Of the entries below, return only those lines from the line with "Wanneer u vóór" to the line with "- Colorful Beauty: in", exactly, both included.

[Provided data — start]

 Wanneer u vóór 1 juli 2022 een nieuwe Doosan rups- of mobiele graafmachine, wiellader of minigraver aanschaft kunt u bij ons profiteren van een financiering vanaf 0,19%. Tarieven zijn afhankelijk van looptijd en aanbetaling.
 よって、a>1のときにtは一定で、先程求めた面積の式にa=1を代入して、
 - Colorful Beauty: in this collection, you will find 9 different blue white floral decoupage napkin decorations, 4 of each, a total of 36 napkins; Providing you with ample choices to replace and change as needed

[Provided data — finish]
[Provided data — start]

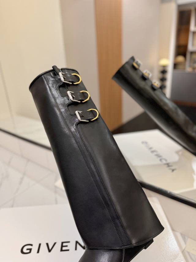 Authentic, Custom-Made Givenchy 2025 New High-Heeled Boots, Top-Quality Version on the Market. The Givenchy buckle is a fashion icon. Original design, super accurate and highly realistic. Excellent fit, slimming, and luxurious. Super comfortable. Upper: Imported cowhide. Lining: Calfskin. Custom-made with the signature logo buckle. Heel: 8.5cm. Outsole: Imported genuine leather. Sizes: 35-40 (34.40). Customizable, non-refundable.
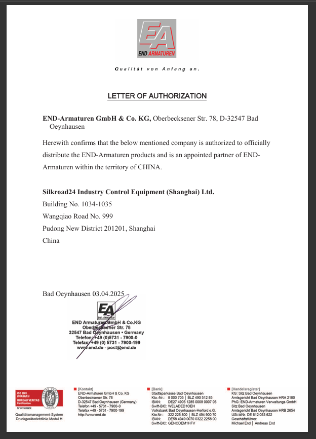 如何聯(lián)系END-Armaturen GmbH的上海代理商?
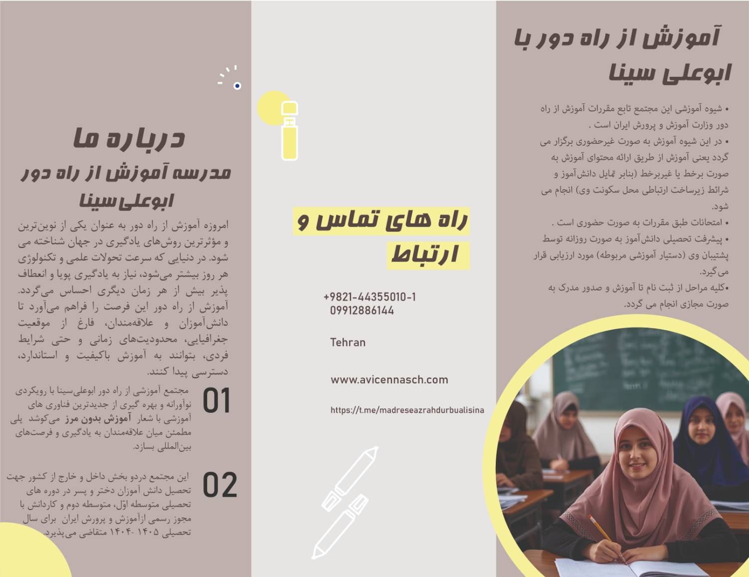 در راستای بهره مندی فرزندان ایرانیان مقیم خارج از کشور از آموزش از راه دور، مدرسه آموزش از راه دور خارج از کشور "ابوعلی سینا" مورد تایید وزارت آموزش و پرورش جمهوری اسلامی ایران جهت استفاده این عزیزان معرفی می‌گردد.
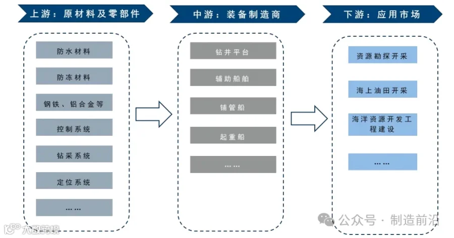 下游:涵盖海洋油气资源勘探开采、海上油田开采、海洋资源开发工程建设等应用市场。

[Provided data — finish]
[Provided data — start]

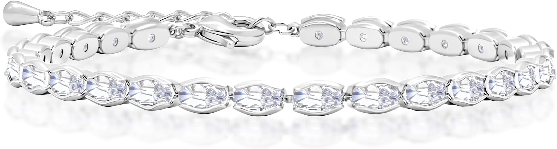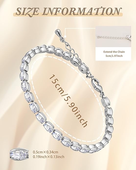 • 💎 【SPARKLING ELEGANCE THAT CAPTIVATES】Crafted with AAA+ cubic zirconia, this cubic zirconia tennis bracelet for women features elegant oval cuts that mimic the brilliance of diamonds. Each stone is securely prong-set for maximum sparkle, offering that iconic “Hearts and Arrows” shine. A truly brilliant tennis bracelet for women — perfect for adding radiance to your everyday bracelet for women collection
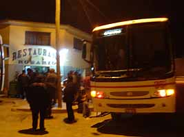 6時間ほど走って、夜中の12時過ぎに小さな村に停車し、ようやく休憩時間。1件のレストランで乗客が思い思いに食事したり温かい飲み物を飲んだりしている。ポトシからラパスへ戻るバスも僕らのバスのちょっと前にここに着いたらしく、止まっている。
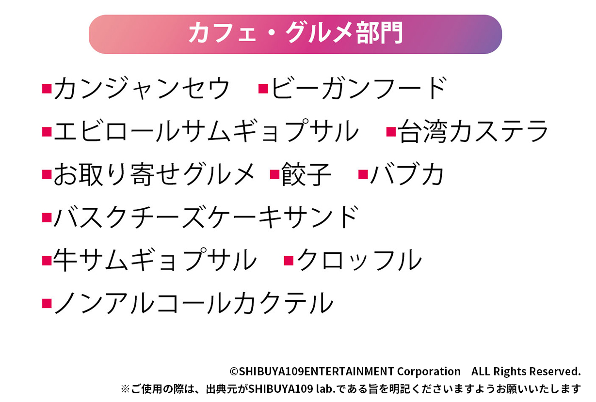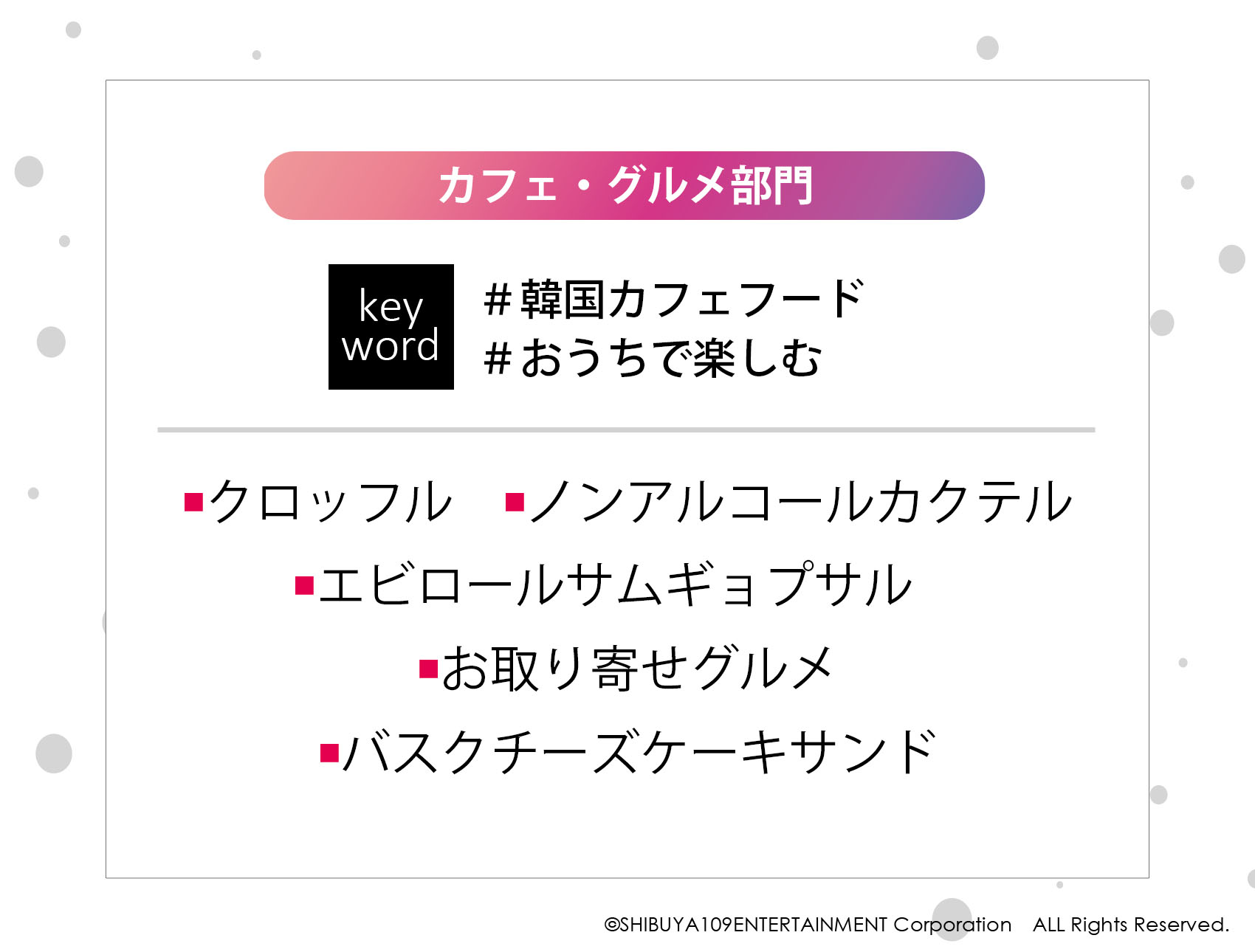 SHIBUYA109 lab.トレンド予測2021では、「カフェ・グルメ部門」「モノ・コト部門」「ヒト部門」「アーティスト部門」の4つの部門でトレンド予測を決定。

[Provided data — finish]

### [Solution to the exercise]
 Wanneer u vóór 1 juli 2022 een nieuwe Doosan rups- of mobiele graafmachine, wiellader of minigraver aanschaft kunt u bij ons profiteren van een financiering vanaf 0,19%. Tarieven zijn afhankelijk van looptijd en aanbetaling.
 よって、a>1のときにtは一定で、先程求めた面積の式にa=1を代入して、
 - Colorful Beauty: in this collection, you will find 9 different blue white floral decoupage napkin decorations, 4 of each, a total of 36 napkins; Providing you with ample choices to replace and change as needed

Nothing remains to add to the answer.